Harry Douglas Lansdale (26 December 1912 – 24 June 1993) was a motorcycle speedway rider and promoter from England.

== Biography==
Lansdale, born in Marylebone, London on 26 December 1912, was riding speedway bikes during the 1930s but began his British leagues career riding for Southampton Saints, during the 1947 Speedway National League Division Three season. The following season he was signed by Plymouth Devils and topped the team's averages after recording 9.06 for the season.

Following on from his successful 1948 season, Lansdale recorded the third best average in the entire division, posting an impressive 10.29. Despite the team moving up to division two, he remained the team's best rider averaging 9.48. Plymouth returned to division 3 in 1951, but Lansdale spent the season with Walthamstow Wolves and once again was the leading rider for his team.

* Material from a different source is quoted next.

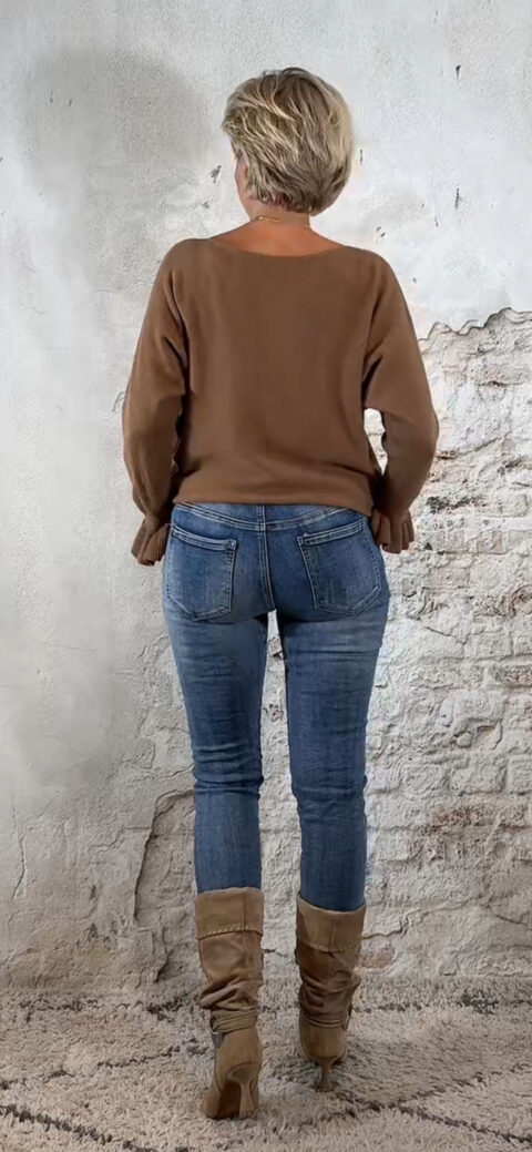 Deze trui heeft een lichte vlindermouw met een elegante ruffle aan de uiteinden en een ruime ronde hals die mooi valt.

Lansdale finally won silverware to reflect his performances, after returning to Plymouth and helping them win the National Trophy (tier 3). He built up a reputation at Plymouth and became a solid fan's favourite, riding for them until the team pulled out of the league in 1954. He consequently joined Rayleigh Rockets and for the next four years rode for the club despite his advancing years.

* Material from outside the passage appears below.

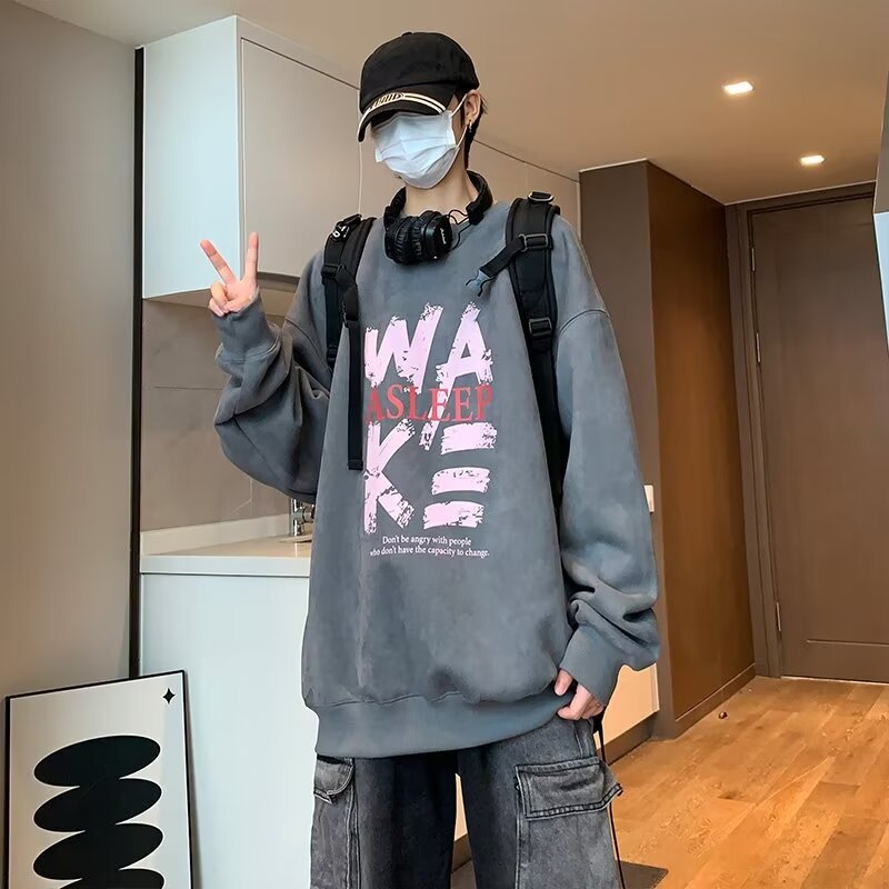 2024春秋の新型ファッションの格好いいカジュアルな丸首の字のゆったりした母のプリントのカップルのパーカーの男性の上着

Lansdale rode a few times for Poole Pirates during 1958 and 1959 before returning to Rayleigh in 1960. He finished his career with Exeter Falcons from 1961 to 1963 and at the age of 49 topped the Exeter averages.

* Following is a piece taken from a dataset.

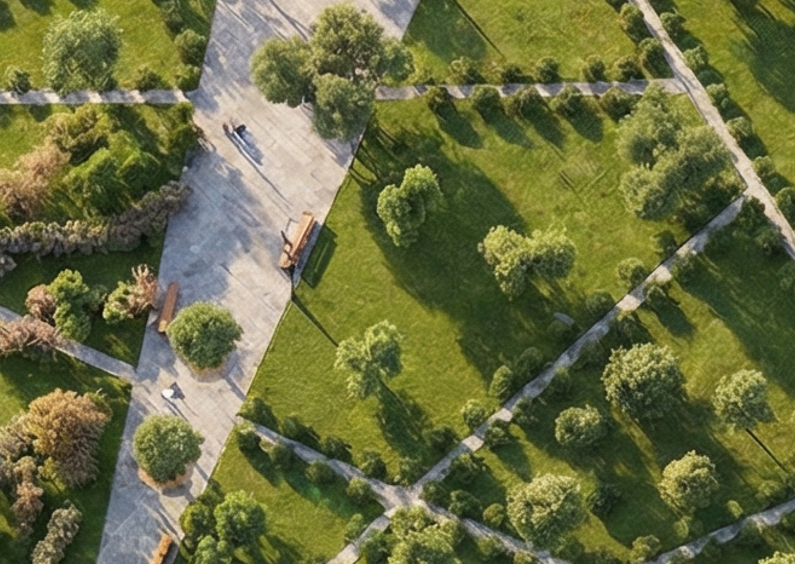 fai una vista render all altezza di un uomo che cammina dentro il parco urbano mantenendo gli alberi e l arredo urbano come panchine persone e lampioni mantieni l assetto della pianta di riferimento

Just before retiring, Lansdale also went into management and promoting, where he was especially connected to Wally Mawdsley and as a pair promoted at various clubs. His first major venture was with the team he was still riding for (Exeter) at the County Ground Stadium in 1960. Lansdale and Mawdsley took over at Newport Wasps in 1969, following Mike Parker relinquishing his interest at the Welsh club.

The pair introduced the Romford Bombers to British speedway in 1969.